08/08/2025
I’m experiencing in my practice a lot of parents who are having difficult times with their children/ young adults. Not just now during the holidays but ongoing. The author Dan Siegel Writes wonderful books on children’s and adolescents brains, behaviour and how to help, developed and nurture our children and cope as a parent. If you’re looking for resources I highly recommend him.
But for now I shall leave you with this thought for today.
Your teenager's rebellion is not a sign that you should be their 'friend.'
It is a sign that they desperately need you to be their unwavering parent.
They slam the door, and you flinch.
They push you away, and you retreat, afraid of losing them.
You loosen the rules, trying to be the 'cool' parent they will like again.
Let's call it what it really is.
You are not 'giving them space.' You are abandoning your post.
Your teen is a ship in a storm, pushing against the harbor walls to see if they will hold.

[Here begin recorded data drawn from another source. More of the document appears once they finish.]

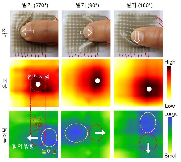 사람의 피부가 자극이나 온도 정보를 인식하고 전기 신호를 만들어 뇌에 전달하듯 이 전자피부 역시 그 기능을 해내는데요. 인간의 피부가 촉각 수용체 전해질로 가득 차 있기 때문에 변형이 자유로우면서도 망가지지 않는다는 점에서 착안해 개발했습니다. 또한 전해질을 함유한 이온 전도체 소재가 측정 주파수에 따라 측정할 수 있는 성질이 달라진다는 점을 활용해서 촉각과 온도를 동시에 측정할 수 있는 다기능성 인공 수용체를 만들어낸 것인데요. 이 전자피부는 밀림, 꼬집기, 벌림, 비틀림 등 여러 움직임에 대해 힘을 가한 방향이나 늘어난 정도는 물론이고 자극을 준 물체의 온도까지도 정확히 측정해낼 수 있습니다.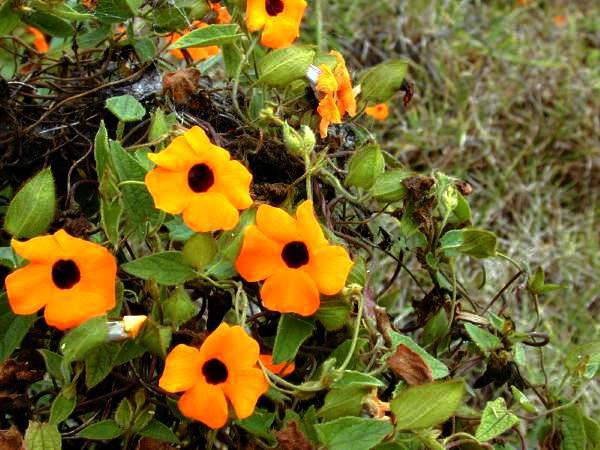 Cette liane, de la famille des Acanthacées, a tout pour plaire. Une floraison hivernale somptueuse, un feuillage persistant, une vigueur sans pareille qui lui permet de recouvrir un support de 5 à 7 m² en deux de culture tout au plus. Les cinq pétales d'un orange lumineux contrastent idéalement avec le coeur prune foncé, d'où son patronyme créole : suzanne aux yeux noirs. Pour les botanistes, il s'agit de Thunbergia alata. D'origine africaine, la plante est frileuse. En climat rigoureux, cultivez-la en pot, dans un substrat un peu lourd et riche en compost. Rabattez les tiges au printemps pour obtenir une floraison à contre-saison un mois après. En pleine terre (tous les sols lui conviennent), vous pouvez même cultiver ce thunbergia en annuelle ; le semis a lieu en mars et la floraison de juin aux premières gelées. Le marcottage vous permettra de multipliez très rapidement la belle suzanne.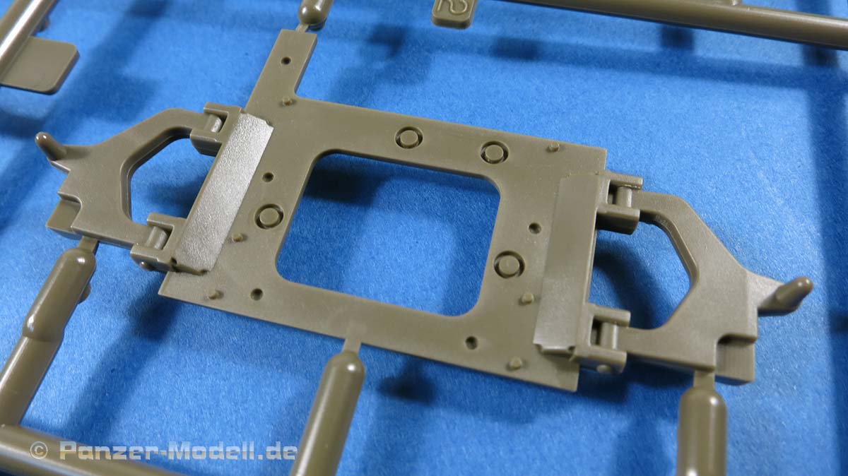 Die Unterwanne ist einteilig und einwandfrei gespritzt. Das Fahrwerk ist sehr schön gemacht und für Tamyia fast schon erstaunlich vielteilig. Das bringt allerdings ein solches Fahrwerk von vierschsigen Gefechtsfahrzeugen so mit sich mit all den Halterungen, Ansätzen, Achsen, Federn, Lagerelementen, Antriebssträngen, Schutzplatten, usw.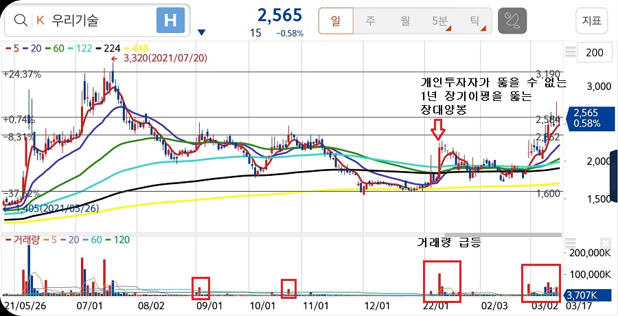작년 9월 10월, 전일 대비 200~300% 거래량 급등하면서 위꼬리가 긴 매집봉이 보입니다. 올해 1월 개인 투자자가 뚫을 수 없는 1년 장기이평선(240일 선 또는 224일 선)을 뚫는 장대양봉이 섰습니다. 3월11일에 강한 저항대인 2,350원을 뚫는 장대 양봉이 보입니다. 그리고 바로 다음 저항대인 2,500원도 뚫었네요.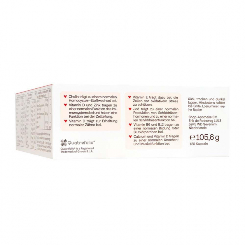 Витаминно-минеральный комплекс для кормящих матерей с фолатом, витаминами группы B, витаминами C, D, E, K, кальцием, железом, селеном, йодом, цинком, магнием, холином, DHA и EPA. Содержит активную форму фолата Quatrefolic® и растительное масло водорослей как источник омега-3 кислот. Поддерживает иммунитет, костную систему и защищает клетки от окислительного стресса.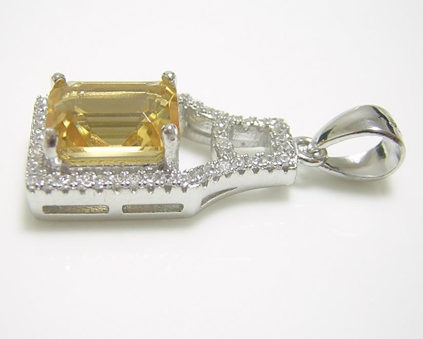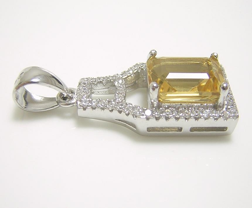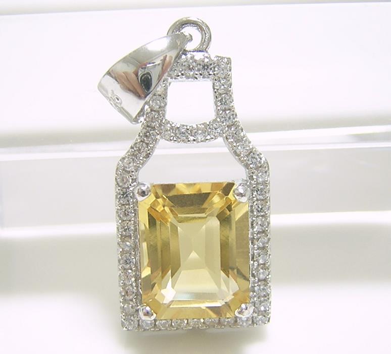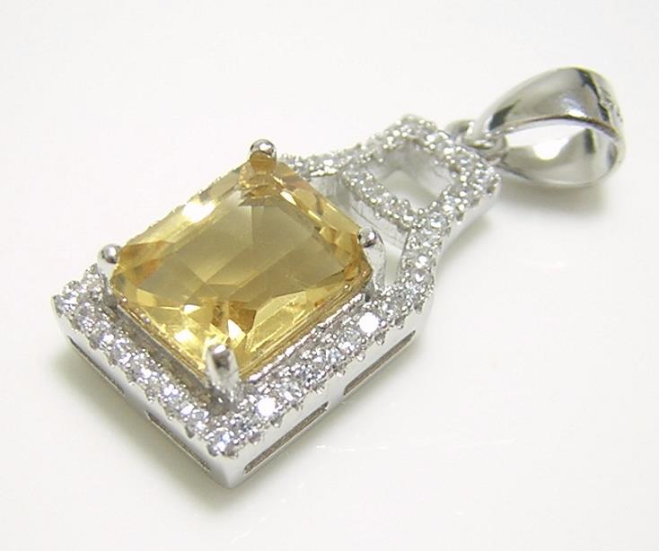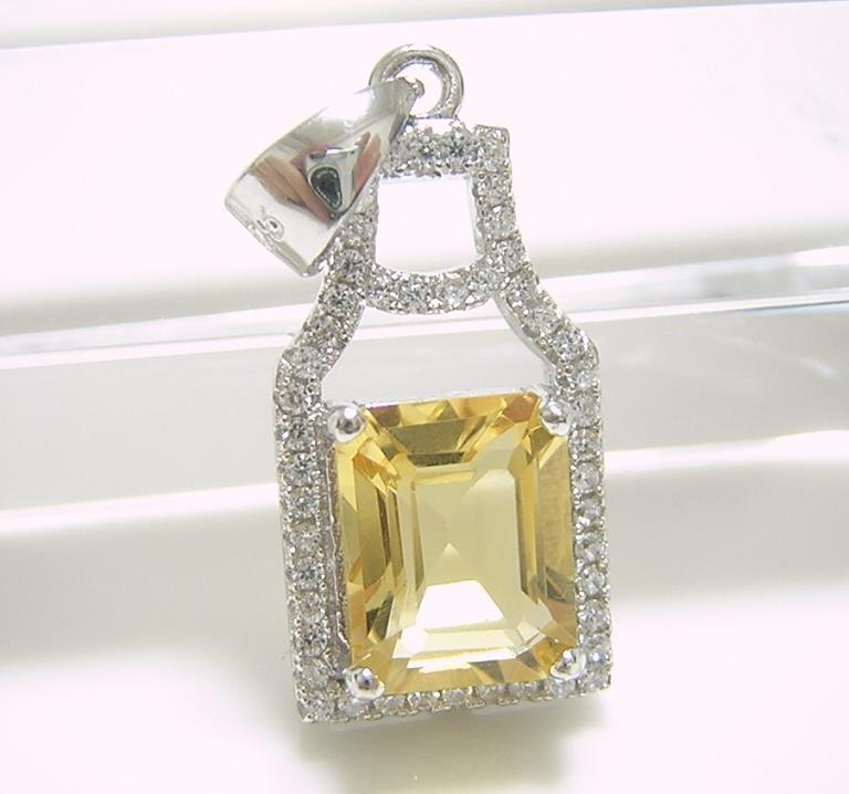 綺麗なオクタゴンカットの天然シトリンとキュービックジルコニアを使用したペンダントトップです。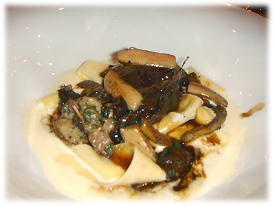 『和牛の赤ワイン煮込み、エリンギ茸と自家製パンチェッタと和えた生パスタ』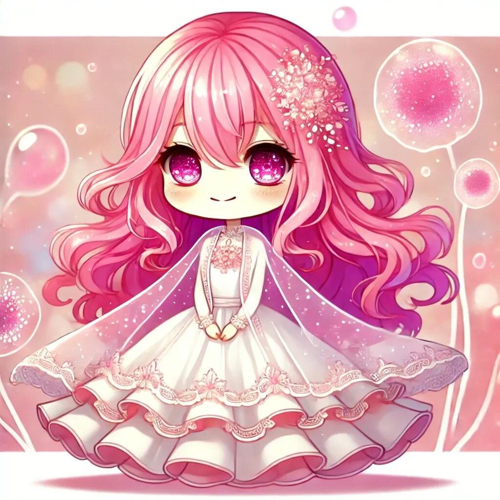 ぷにぷにの桃色生体細胞と融合した彼女が、純白のドレスに包まれる姿は、生命の神秘と感情の美しさが重なり合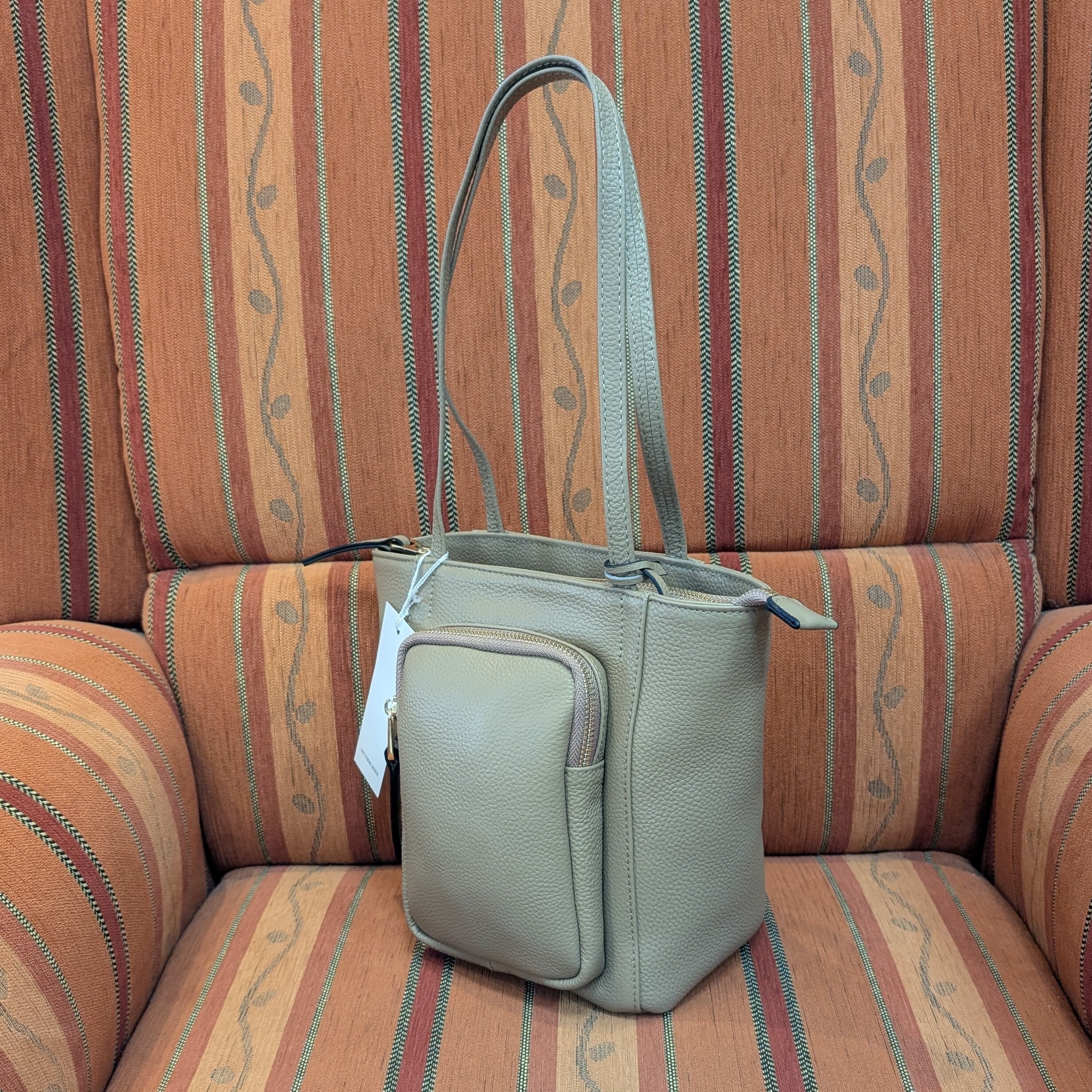 両アオリの使い易いサイズのトートバッグはフロントポケットがデザインのポイントです。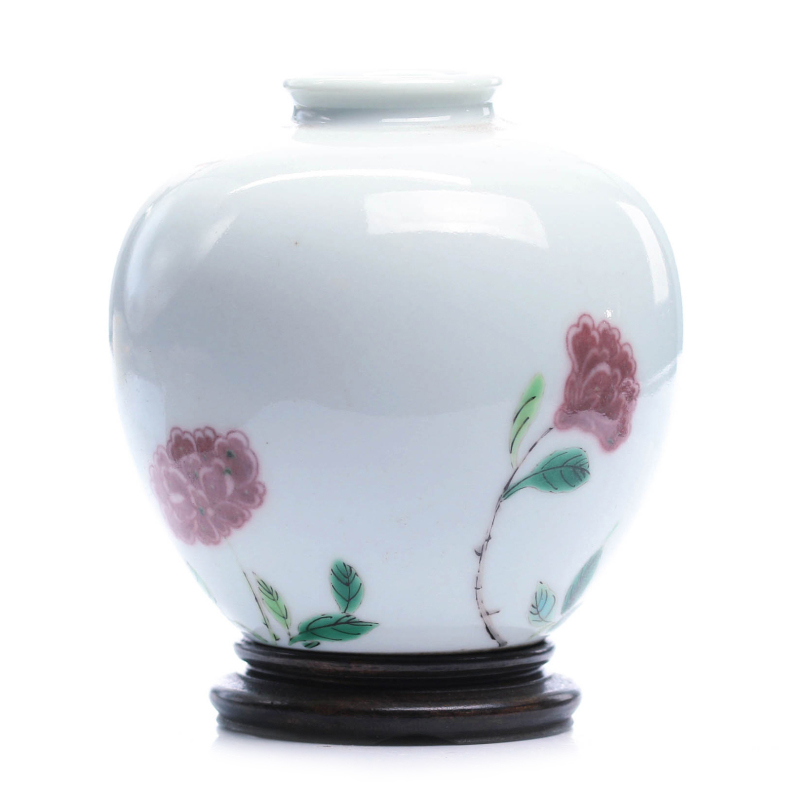 清粉彩瓷水盂 配座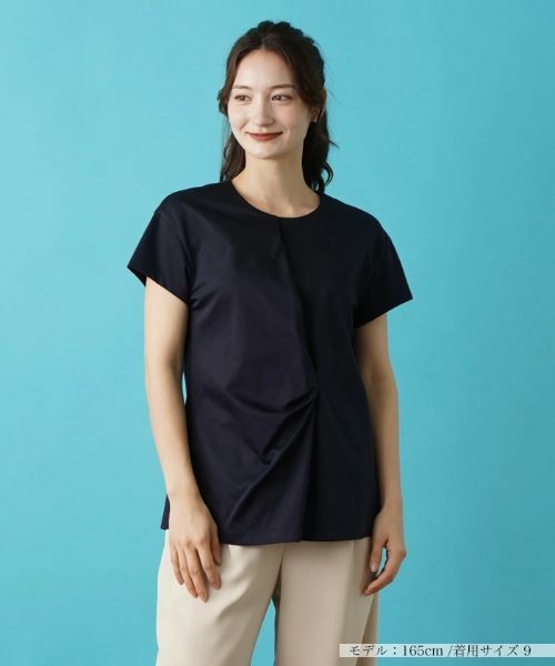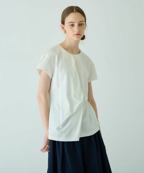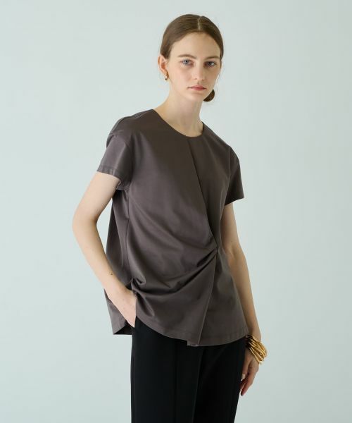 フロントをアシンメトリーに重ね合わせて、更にこなれ感漂うタックを施した半袖カットソー。ほんのり優しい光沢のある生地を使用しているからカジュアルに寄りすぎることなく、大人のデイリースタイルにもマッチ。

When you crumble and try to be their friend, you are telling them the harbor is not safe.
They don't need another friend in the storm. They need an anchor.
Your job is to be the calm, consistent, and loving authority they can test themselves against.
They need to know that even when their own world feels chaotic, you are not.
They will not thank you for your boundaries today.
But one day, they will respect you for them.
Be the parent they need, not the friend they want.